Dangote opposition to 30 per cent interest rate proves me right – Peter Obi

Former Labour Party (LP) presidential candidate, Mr. Peter Obi, has stated that Aliko Dangote’s recent criticism of the current 30 percent interest rate highlights his previous concerns about the detrimental effects of the Federal Government’s monetary policy.

Obi had opposed the Monetary Policy Committee’s decision to raise the Monetary Policy Rate (MPR) and the Cash Reserve Ratio (CRR) to 22.5% and 45%, respectively. He argued that these increases would exacerbate the economic situation, pushing loan interest rates above 30%, thus making it very difficult for manufacturers and MSMEs to borrow and repay.

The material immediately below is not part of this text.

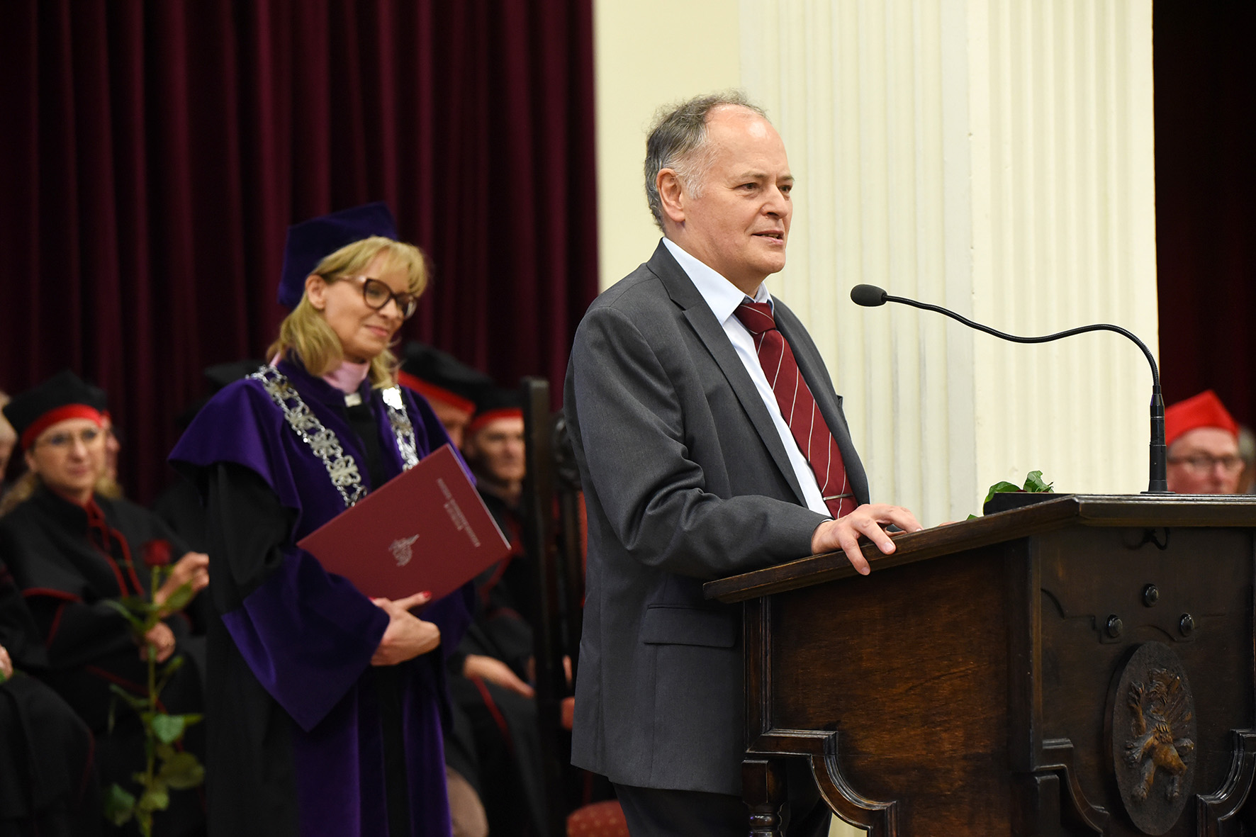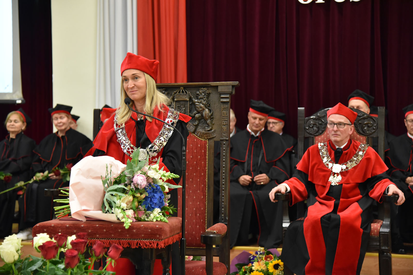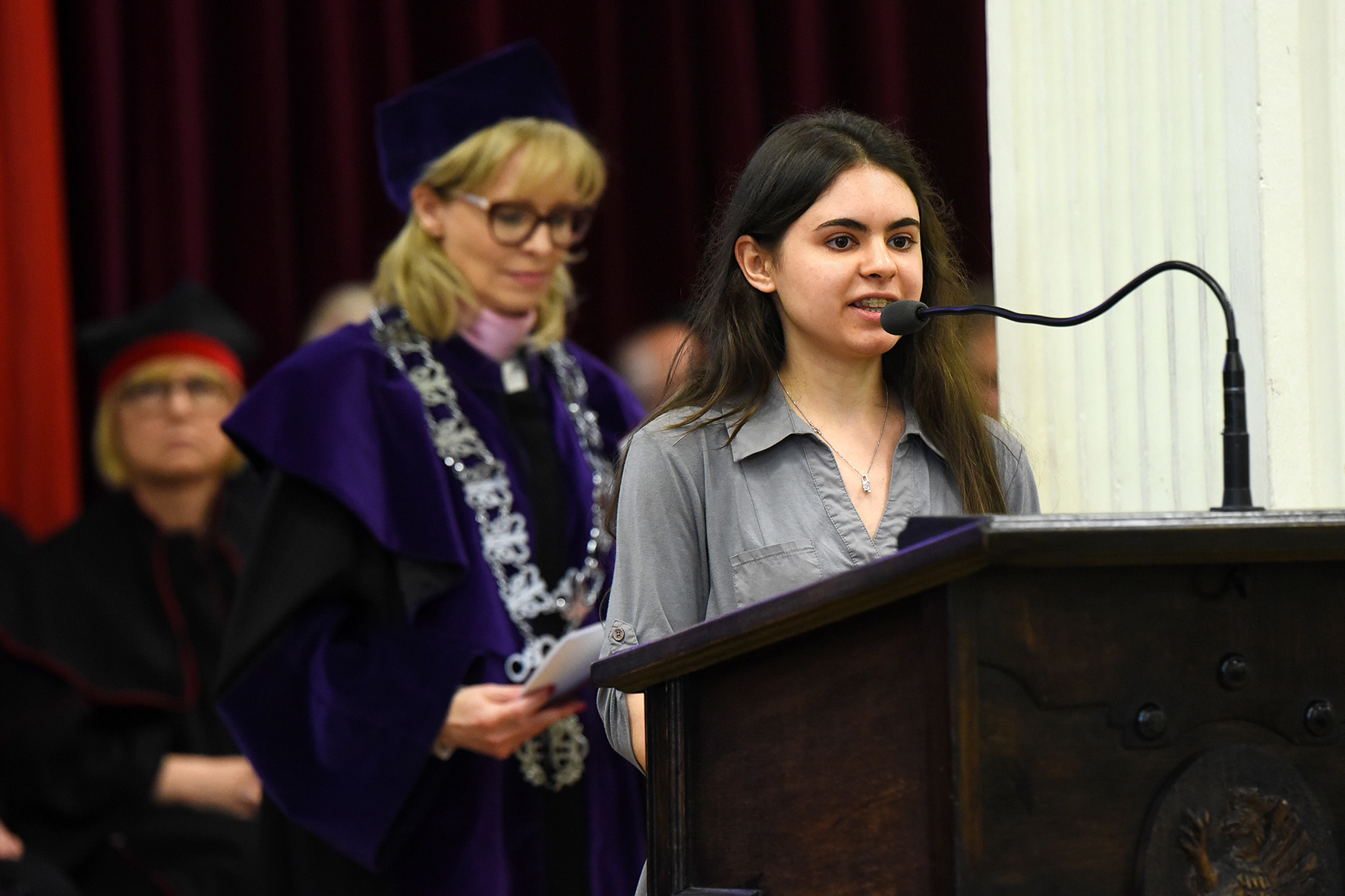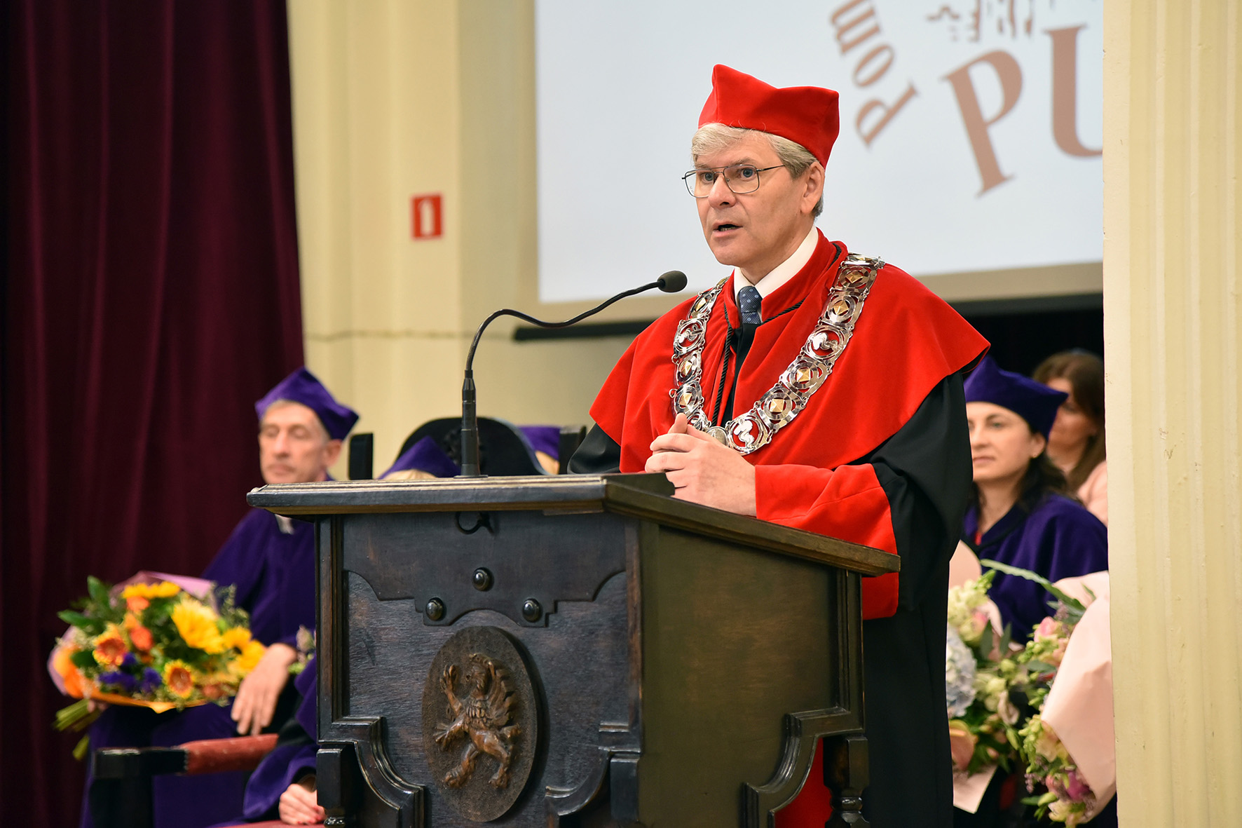 Mistrz ceremonii, Dziekan Wydziału Medycyny i Stomatologii PUM dr hab. n. med. Edyta Paczkowska, przywitała gospodarzy, przybyłych gości, Absolwentów i ich bliskich oraz kadrę dydaktyczną PUM. Magnificencję Rektora Pomorskiego Uniwersytetu Medycznego prof. Bogusława Machalińskiego reprezentowała prof. Aneta Cymbaluk-Płoska, Prorektor ds. Dydaktyki, która zabrała głos w jego imieniu.

In a statement on Thursday via his X handle, Obi noted that Aliko Dangote, Africa’s leading entrepreneur and respected Nigerian businessman, emphasized that no jobs would be created with such a high interest rate, aligning with Obi’s longstanding position.

The former Anambra State governor stressed the urgent need to reverse this detrimental trend, which is causing further job losses, discouraging production, and hindering Nigeria’s shift from consumption to production.

Obi said: “Aliko Dangote’s recent outcry against the 30% interest rate underscores my earlier warnings about the negative impacts of the current monetary policy. Dangote’s assertion that such high interest rates stifle job creation and economic growth echoes my consistent stance.

“In February, I opposed the Monetary Policy Committee’s decision to increase the MPR to 22.5% and the CRR to 45%, as these hikes would push loan interest rates above 30%, making it very challenging for manufacturers and MSMEs to secure and repay loans.

“If Africa’s richest person and foremost industrialist is raising concerns, imagine the adverse effects on MSMEs, which are the engine of economic growth.

“A recent report from the Manufacturing Association of Nigeria (MAN) indicated that in 2023, 767 companies shut down and 335 became distressed. Capacity utilization in the sector declined to 56%; interest rates exceeded 30%; foreign exchange for raw materials and production machines was scarce; unsold finished products inventory rose to N350 billion; and real growth rate dropped to 2.4%.

“These harsh monetary and fiscal policies have slowed our economic growth, driven multinationals out of the country, stifled small businesses, and discouraged foreign direct investment.

“We must urgently reverse this harmful trend that is causing job losses, discouraging production, and hindering our transition from consumption to production. We need policies that promote growth and the emergence of a new Nigeria. A New Nigeria is Possible.”